Rules-provided baseline also fails: The task is too hard independent of induction. Simplify the environment before drawing inductive conclusions. The deductive baseline must be solvable for the inductive gap to be meaningful.
Agent invents plausible but wrong rules: This is expected and informative. Log the agent's stated hypotheses per step. Track hypothesis revision rate -- agents that never update their model after contradictory evidence are exhibiting a different failure mode than agents that update too aggressively.

Limitations

Not a general agent benchmark. OdysseyArena specifically tests inductive reasoning. It does not measure tool use fluency, instruction following, multi-modal understanding, or other agent capabilities. Use it as one axis of evaluation, not the only one.
Four primitives do not cover all environments. Real-world tasks often involve social dynamics, adversarial actors, or non-stationary rules that shift mid-episode.

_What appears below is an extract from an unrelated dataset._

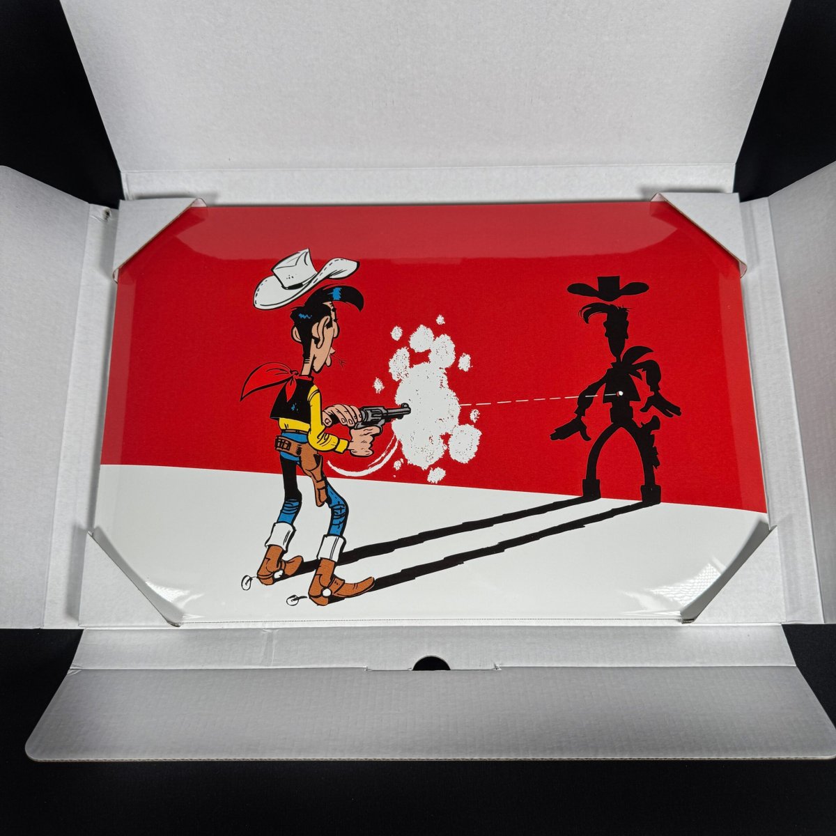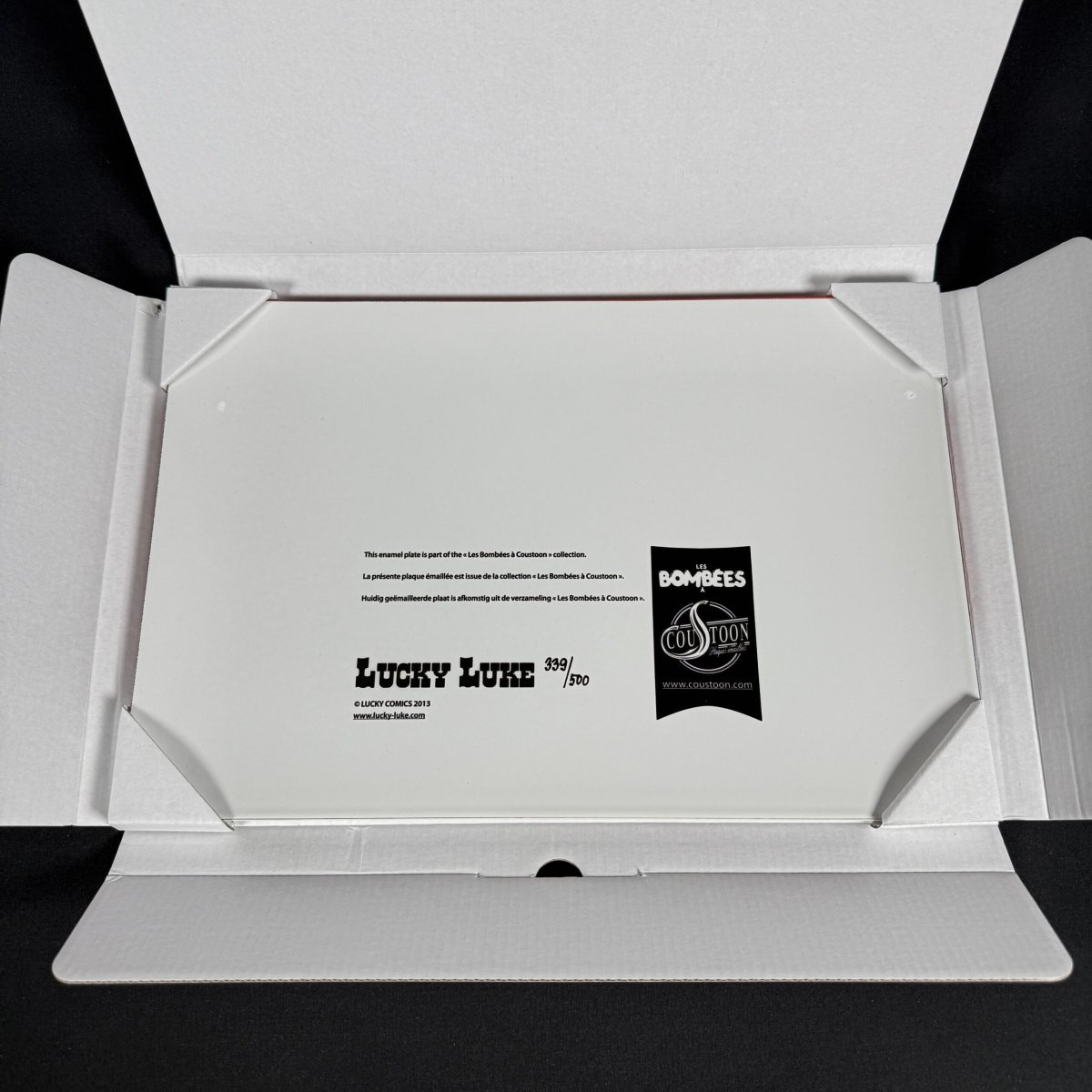Plaque émaillée Lucky luke, Morris – Collection des plaques bombées signée Coustoon.

The framework assumes the transition function is fixed within an episode.
Long-horizon evaluation is expensive. A single task at 200 steps with 4 trials requires 800 LLM calls. Budget accordingly and use OdysseyArena-Lite (120 tasks, shorter horizons) for initial screening before Challenge-level evaluation.
Loop ratio is a symptom, not a diagnosis. A high loop ratio indicates stagnation but doesn't explain why the agent fails to update its hypothesis. Deeper analysis of the reasoning traces is needed for root-cause understanding.
Open-source models struggle severely. The paper shows models below ~70B parameters achieve near-zero performance on inductive tasks. This benchmark is most informative for comparing frontier-class models against each other.

Reference

Paper: OdysseyArena: Benchmarking Large Language Models For Long-Horizon, Active and Inductive Interactions (Xu et al., 2026). Look for: Table 2 (full model comparison), Figure 4 (inductive vs. deductive gap), Figure 7 (loop ratio correlation with failure), and Appendix A (formal primitive definitions). Code at github.com/xufangzhi/Odyssey-Arena.